Am 27. September 2009 ist die zweite Große Koalition auf Bundesebene Geschichte. Trotzdem kann die wiedergewählte Bundeskanzlerin Dr. Angela Merkel in der neuen, 17. Wahlperiode mit ihren Wunschpartnern CSU und FDP regieren. Das Nachrichtenmagazin "Der Spiegel" schreibt: "Kanzlerin von Guidos Gnaden." Denn dank des hervorragenden Ergebnisses der Liberalen kann das neue Regierungsbündnis Schwarz-Gelb heißen.
Der Kanzlerkandidat der SPD und Herausforderer von Amtsinhaberin Merkel war Dr. Frank-Walter Steinmeier, Außenminister und Vizekanzler der Großen Koalition.

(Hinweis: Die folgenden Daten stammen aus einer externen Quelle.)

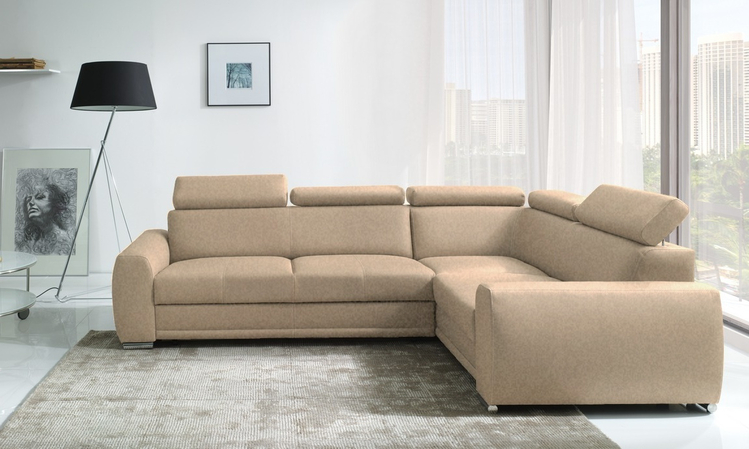Praktická celočalouněná rohová sedačka s rohem napravo. Netradiční a velmi moderní vzhled. Sedačka obsahuje úložný prostor a prostor na příležitostní spaní. Po rozložení je spací plocha 205 × 130 cm. Rozklad je snadný pomocí automatu. Pohodlné sezení zaručují vlnovcové a profilované pružiny spolu s visoceelastickou PUR pěnou. Nožky jsou kovové. Velkou výhodou sedačky jsou 5 polohovatelných opěrek na hlavu pro větší pohodlí. Po zvednutí zádové opěrky je výška sedací soupravy 90 cm. Barevné provedení – látka Element 06. Můžete si vybrat výběr rohu v naší nabídce.CASA 17028
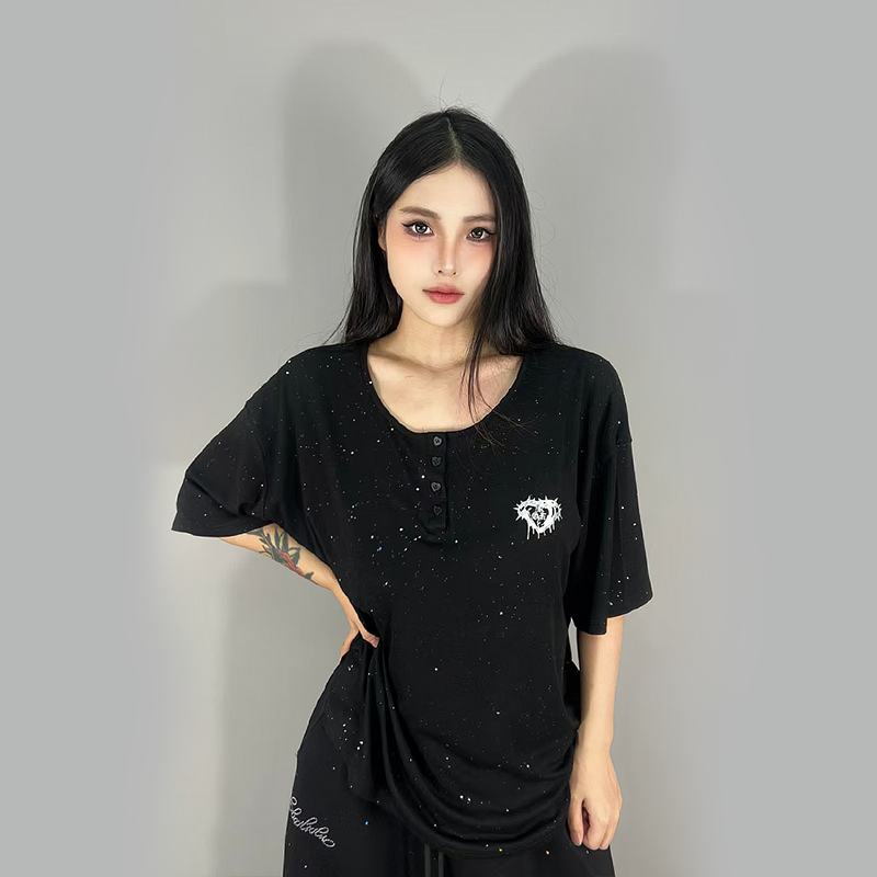 辣妹修身 打底衫 显瘦上衣 T恤女春秋内搭短款 设计感小众正肩V领长袖
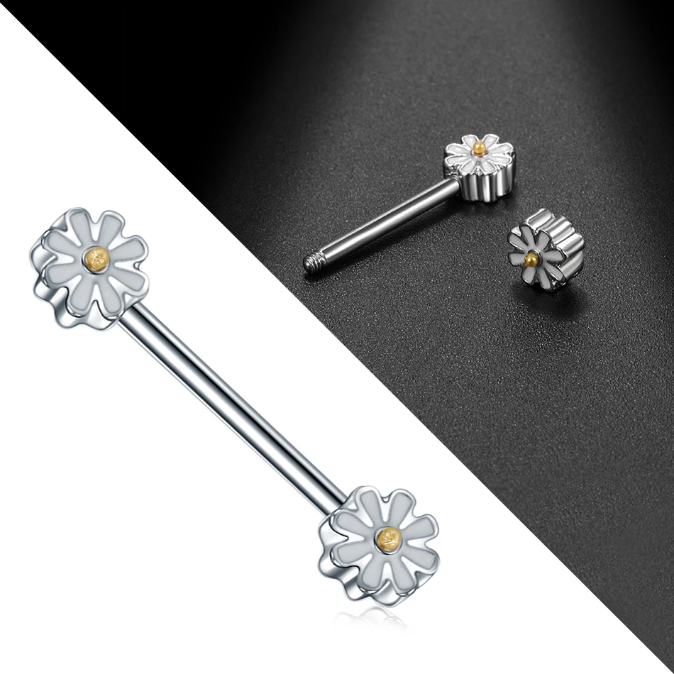 1 шт./лот, сексуальная нержавеющая сталь, цветок маргаритки, пирсинг для сосков, щит 14 г, пирсинг штанги, пирсинг, щит, кольца для сосков
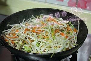 依次倒入各种配料翻炒,加适量蚝油、生抽、盐调味;
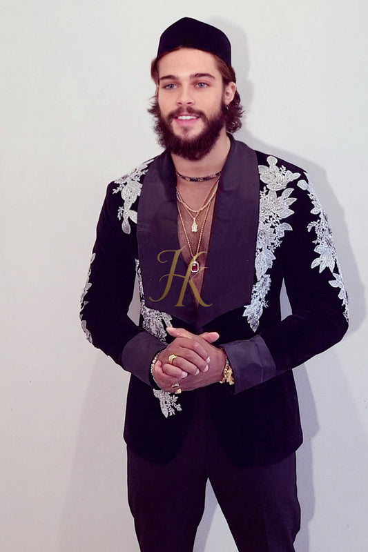 Best Handmade Custom velvet blazer Men's Suit with Sheer Velvet Lapel - Elevate Formal Style | KAYIB
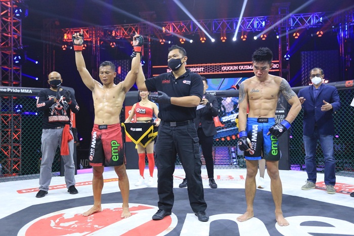 One Pride MMA Fight N 53 Gugun (RED) berhasil mengalahkan VS Brandon (BLUE)
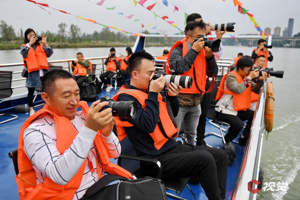 摄影师在嘉陵江上拍摄“千里嘉陵江水色,百里绿道揽怀中”的盛景。
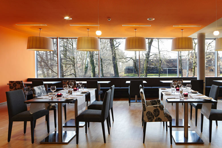 Natur, Wellness und Design: In unmittelbarer Nachbarschaft zur Spreewald Therme, die bereits 2005 von 4a Architekten geplant und errichtet wurde, bietet das 4-Sterne-Hotel seinen Gästen ein Ambiente zum Wohlfühlen und Entspannen. Die Besonderheit und Herausforderung lag darin, das Hotel in den Kontext der Therme zu stellen und zugleich dem neuen Gebäude individuellen und eigenständigen Charakter zu verleihen. Für die gestalterische Einheit von Hotel und Therme sorgen optimal aufeinander abgestimmte Materialien – wie auch das Sole-Thermalbad greift das Hoteldesign die wesentlichen Gestaltungselemente der Spreewald-Region auf. Ein Bademantelgang verbindet Hotel und Therme baulich miteinander. Eine weit auslaufende, mit Ziegeln verkleidete Wandscheibe definiert die Eingangssituation und schafft in ihrer Materialität eine Verbindung zur Spreewald Therme. Die drei oberen Geschosse bilden durch die anthrazitfarbene Fassadenverkleidung sowie die einheitlichen, großformatigen Öffnungen eine Einheit – hier sind die insgesamt 83 Zimmer mit 166 Betten untergebracht. Einen leicht schwebenden Charakter erhält der dreigeschossige Baukörper durch die transparente Gestaltung des Erdgeschosses mit größtenteils fassadenhohen Verglasungen.
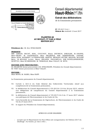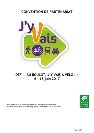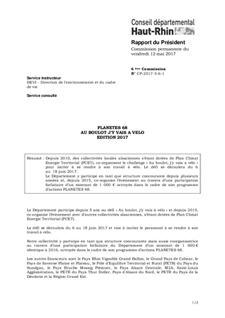 Depuis 2010, des collectivités locales alsaciennes s’étant dotées de Plan Climat Energie Territorial (PCET), co-organisent le challenge « Au boulot, j’y vais à vélo » pour inciter à se rendre à son travail à vélo. Le défi se déroulera du 6 au 18 juin 2017. Le Département y participe en tant que structure concourante depuis plusieurs années et, depuis 2015, co-organise l’événement au travers d’une participation forfaitaire d’un montant de 1 000 € octroyée dans le cadre de son programme d’actions PLANETES 68.
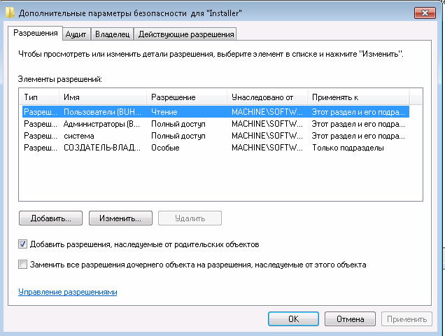 Было сделано: 1. Была проведена проверка диска – ошибок нет. 2. Установка Viber была запущена с правами администратора. Результат тот же. 3. Откатил систему на точку восстановил, которая была создана за неделю до появления этой проблемы – не помогло 4. Попытка установить Windows Installer CleanUp – для удаления остатков Viber-a завершается такой же ошибкой, что и установка Viber-a. 5. Отключение антивируса NOD тоже ничего не дало. 6. Полные права на папку реестра InProgress так-же не облегчили участь Vibera. Кстати, папка InProgress была только на компе где не хотел устанавливаться Viber, на других она отсутствует. 7. Удалил паку InProgress, но при попытке установки Viber-a, она снова появилась. Установка закончилась всё тойже ошибкой. 8. Заглянул в журнал событий: Имя журнала: Application Источник: MsiInstaller Код события: 11406 Уровень: Ошибка Описание: Product: Viber -- Error 1406. Could not write value to key Software\Microsoft\Windows\CurrentVersion\Installer\InProgress. System error 5. Verify that you have sufficient access to that key, or contact your support personnel. 9. Сравнил ветку реестра Windows Installer HKEY_LOCAL_MACHINE\SYSTEM\CurrentControlSet\services\msiserver с аналогичной на другой машине – отличий нет. 10. Перед установкой запустил Process Monitor и снял лог фалы при установке Viber-a(см. вложенные файлы https://yadi.sk/d/aBKjbqsC_NKzQw - сразу при возникновении проблемы - после удаления папки реестра InProgress - после установки полных прав на папку реестра InProgress Понятно, что спасет кардинальный вариант с переустановкой всей системы, но т.к. на этом компьютере стоит много софта, настроек, ,… хотелось бы победить эту проблему «меньшей кровью» Есть еще образы системного диска (создаются автоматически), но так как проблема произошла достаточно давно, при их восстановлении придется разбираться какой софт и настройки были обновлены с момента их создания. Помогите, пожалуйста советом, куда «копать», что-бы победить эту проблему. |
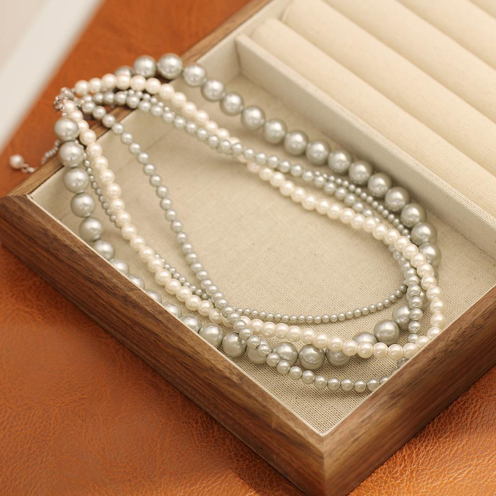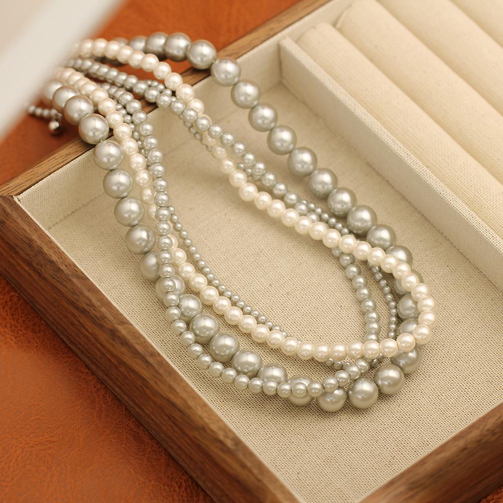 Collar Clásico Combinable Bicolor de Círculo Completo de Perlas de Imitación Elegante Elegante Moda Collar para Mujer Cadena para Clavícula Joyería para Mujer
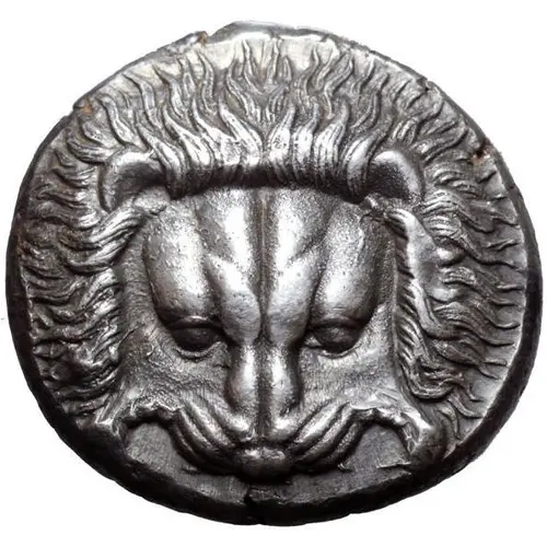 | Arka yüz açıklaması | Forepart of ox to right, wearing an ornamental collar and with a dotted truncation, olive branch to left; magistrate name above, ΣA and bee below, all within incuse square. |
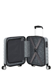De American Tourister Flashline Spinner Underseater in de kleur Sky Silver is de ideale handbagagekoffer voor korte trips, zakenreizen of als aanvulling op je grotere bagage. Dankzij het slimme ontwerp en de compacte afmetingen (45 x 35 x 20 cm) past deze koffer onder de vliegtuigstoel bij de meeste luchtvaartmaatschappijen – ideaal als underseater trolley.
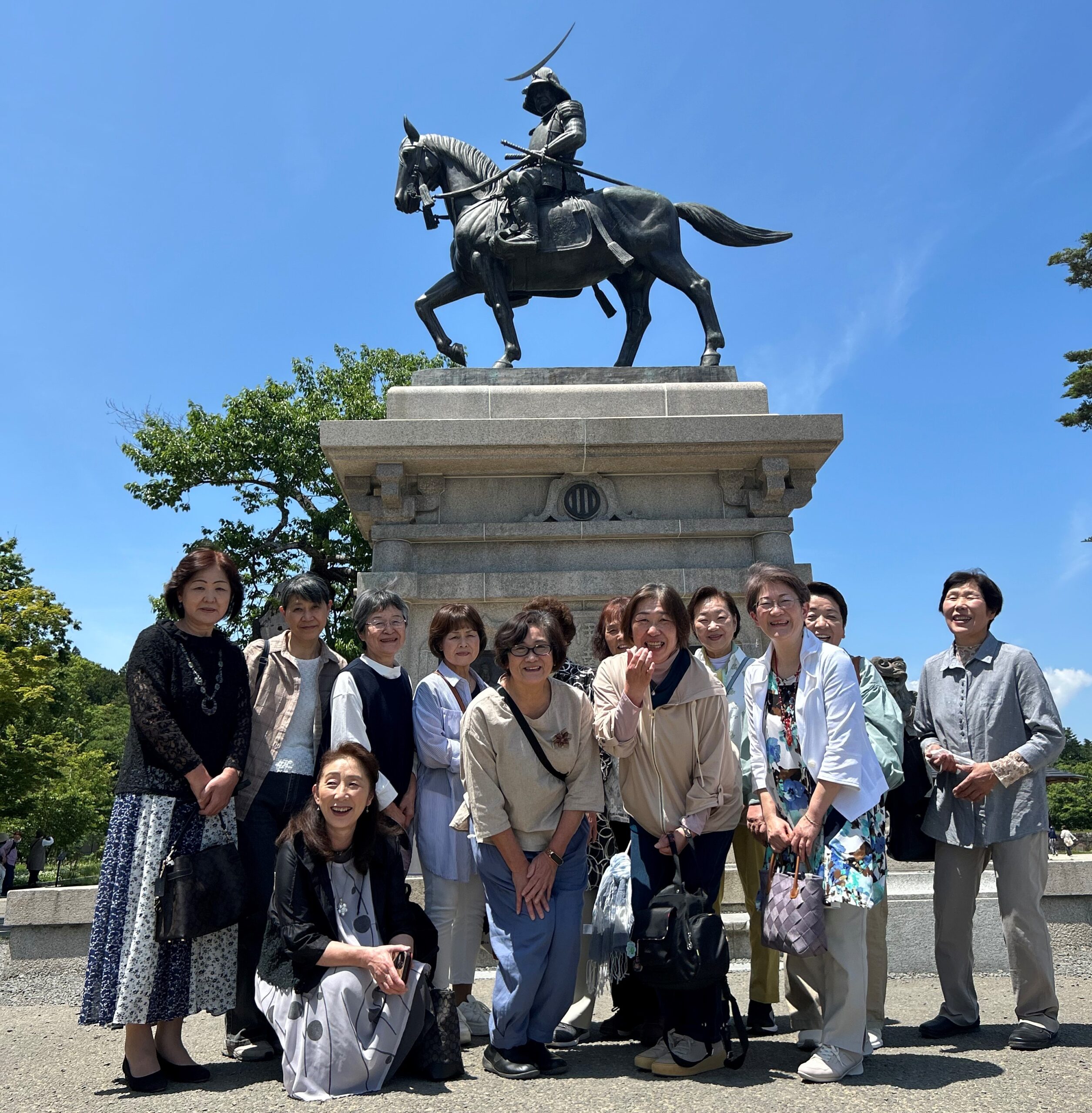 伊達政宗公の騎馬像の前で記念撮影する支部役員の皆さん
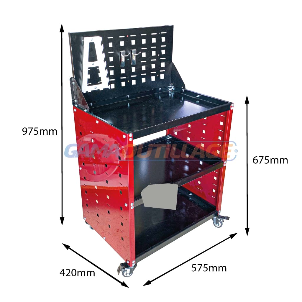 GAMAOUTILLAGE vous propose SERVANTE 3 ETAGES AST, Chariot à Outils Utilitaire Armoire équipement de Garage Chariot en Acier 03 étages Rangement d’outils Travail à Domicile Bricolage Atelier Coffre pour Jardin extérieur, côtés perforés pour accessoirisation.
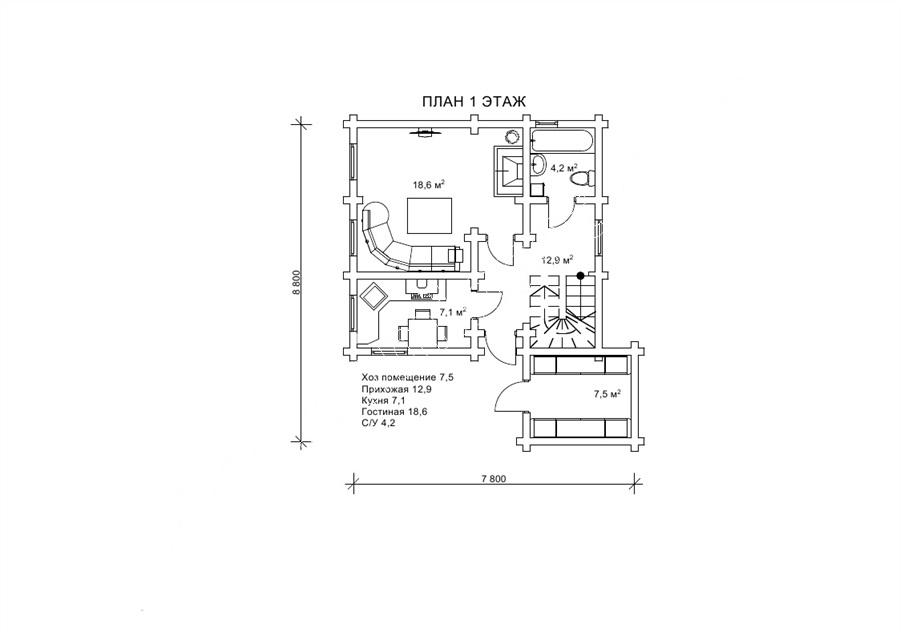 кімната (м²)7,5

Laut Umfragen wurde von ihm in der Sache, wenn er Kanzler wäre, nicht viel anderes erwartet, doch im Detail galt die Kanzlerin als glaubwürdiger und durchsetzungsfähiger, um Deutschland aus der Finanz-und Wirtschaftskrise zu führen.
Selbst bei der sozialdemokratischen Wählerklientel kam er nicht überragend an. Analysen gehen von nur gut 20 Prozent Steinmeier-Anhänger unter den SPD-Wählern aus. Doch auch Wahlverweigerung bescherte der SPD diesen massiven Einbruch. An der niedrigen Wahlbeteiligung lässt sich ablesen, dass rund zwei Millionen potenzielle SPD-Wähler nicht zur Wahl gingen.
Die Union erzielt mit 33,8 Prozent der Zweitstimmen (minus 1,4 Prozent gegenüber 2005) ihr schwächstes Resultat nach 1949. Die SPD fällt mit 23 Prozent (minus 11,2) auf ihr schlechtestes Ergebnis überhaupt.
Die kleinen Parteien sind in der Summe so stark wie noch nie in der bundesdeutschen Geschichte. Die FDP erreicht 14,6 Prozent, 4,7 Prozent mehr als bei der Wahl 2005, die Linkspartei erhält 11,9 Prozent der Zweitstimmen (plus 3,2 Prozent) und Grüne 10,7 Prozent (+2,6). Die CSU mit ihren 6,5 Prozent CSU verliert -0,9 Prozent der Zweitstimmen.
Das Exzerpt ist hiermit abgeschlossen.